You may note that the Arden Grange sensitive diet mentioned in this article includes chicken oil and chicken digest, even though it is a fish based product. These ingredients are non-allergenic as the oil has been refined to remove large protein molecules, and the digest is hydrolysed and not present at a very high level. They are rarely associated with adverse food reactions in dogs.

In order to further support the immune system, dogs with allergies may benefit from a probiotic supplement. Although we include prebiotics in our food, the extrusion process renders probiotics, which are live organisms – and a “dose” of the friendly flora themselves, far less effective. Live yoghurt is popular but a huge dose is needed to replenish the depressed bowel flora in a dog’s gut and with a fair proportion of the canine population having some degree of lactose intolerance, it’s safer to use a non-dairy product formulated specially for dogs such as Lintbell’s YuDIGEST.

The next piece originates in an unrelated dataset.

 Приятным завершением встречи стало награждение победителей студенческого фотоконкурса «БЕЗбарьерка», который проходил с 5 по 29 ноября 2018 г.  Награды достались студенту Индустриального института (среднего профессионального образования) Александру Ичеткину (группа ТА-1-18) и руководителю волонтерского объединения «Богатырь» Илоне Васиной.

Please note that this information has been written with the potentially reactive dog in mind. Many dogs are able to successfully digest and metabolise a variety of different ingredients.

As a responsible and ethical company, Arden Grange fully appreciates the caution that must be taken when discussing the potential benefits of nutritional supplements. It is against the law to make medical claims. Whilst these ingredients are safe and natural, and may be beneficial to some of the cats and dogs fed on Arden Grange, we must highlight that their inclusion is not a substitute for veterinary intervention in the case of a sick animal.